While many blamed it squarely on the governor who deliberately skipped passages, phrases and words in the address prepared for him to read out to the Assembly as it met for the first time in the New Year, the opposing camp cited a convention that when the governor was in the House nobody else should speak. Yet squeals had begun emanating even as the governor rose to deliver his address. MLAs owing allegiance to allies of the ruling DMK heckled him, raising slogans against his past acts of omission and commission. Since Mr Ravi had stirred a hornet’s nest, offending the collective sensibilities of the people of Tamil Nadu, by stating that the state should be referred to as Tamizhagam and not Tamil Nadu, it came handy for those protesting MLAs.
Then there was this long-time complaint of the governor keeping in cold storage a score of legislations passed by the same House, in which he was delivering the address on Monday, without dispatching them to New Delhi as he is expected to do precisely. So the MLAs had that axe to grind, too. The PMK, which is not an ally of the DMK but part of the BJP-led NDA, was particularly sour that a legislation banning online gambling that had been causing too many deaths by suicide in the state was also part of the bunch lying with the governor for too long. So those MLAs too joined the protesting brigade that without persisting much left the hallowed precincts soon.

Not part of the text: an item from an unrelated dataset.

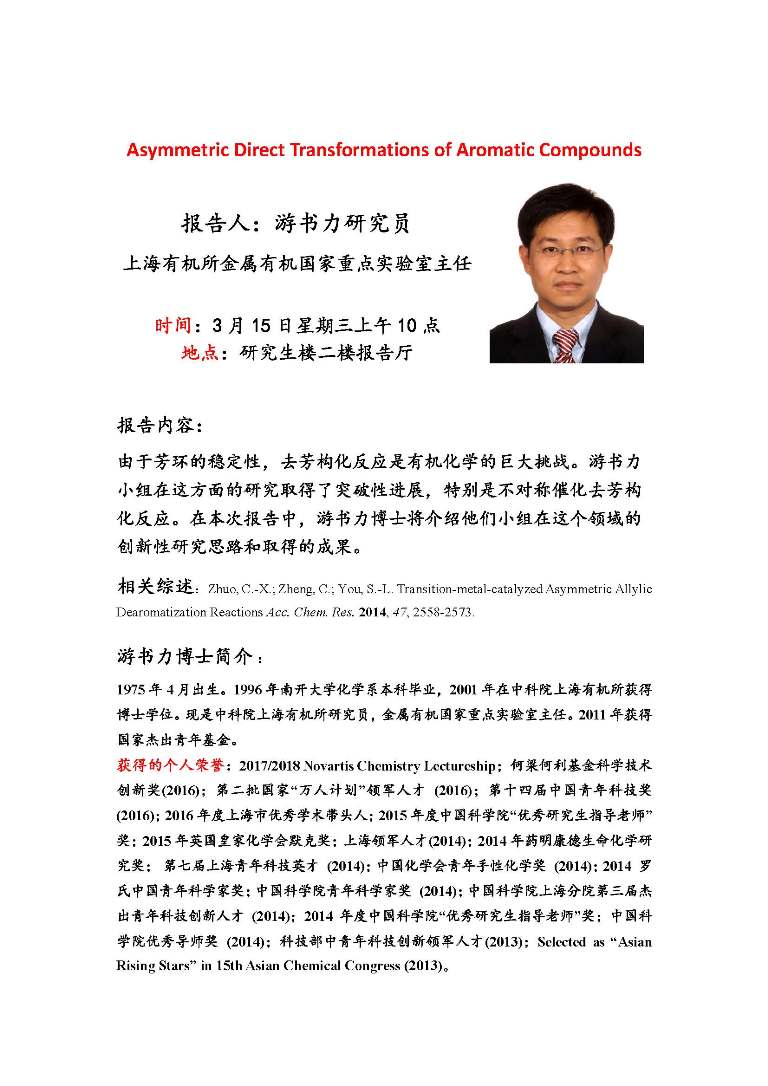 【講座】3月15日學(xué)術(shù)報告--游書力研究員(上海有機所)

All hell broke loose only when ruling party mandarins realised that the governor was not reading out the full text given to him and was interpolating it with his views. A resolution was drafted expeditiously to ensure that none of what the governor said entered the House records and only the speech prepared by the government was taken into consideration. The governor, who was initially clueless as to what the chief minister was reading out, left when he figured out, with assistance from aide-de-camp, that it was a resolution against him, thus opening a Pandora’s Box.

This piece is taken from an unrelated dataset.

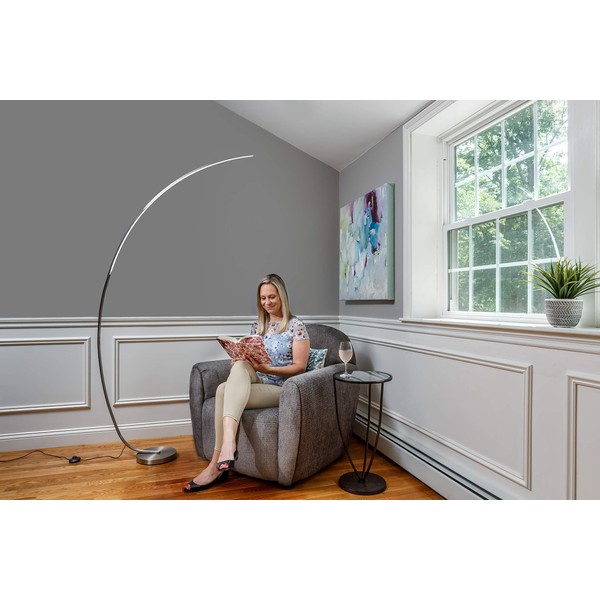 - The lamps arc shape allows you to create overhead light in hard to reach places such as over a sofa, table to bed; Measures 80 inches tall and features a convenient foot On/Off switch and heavy weighted base

Critics went to town flaying the intemperate governor for insulting the Assembly and disrespecting the people who had elected its members. Wall paintings and posters with inimical words came up against him. The kindest of hashtags that trended was #GoBackRavi though he received some support from some quarters. But not many openly pointed out that the drama was a fallout of a Union government gameplan to pit hostile governors against elected non-BJP state governments, which in fact is the real threat to democracy.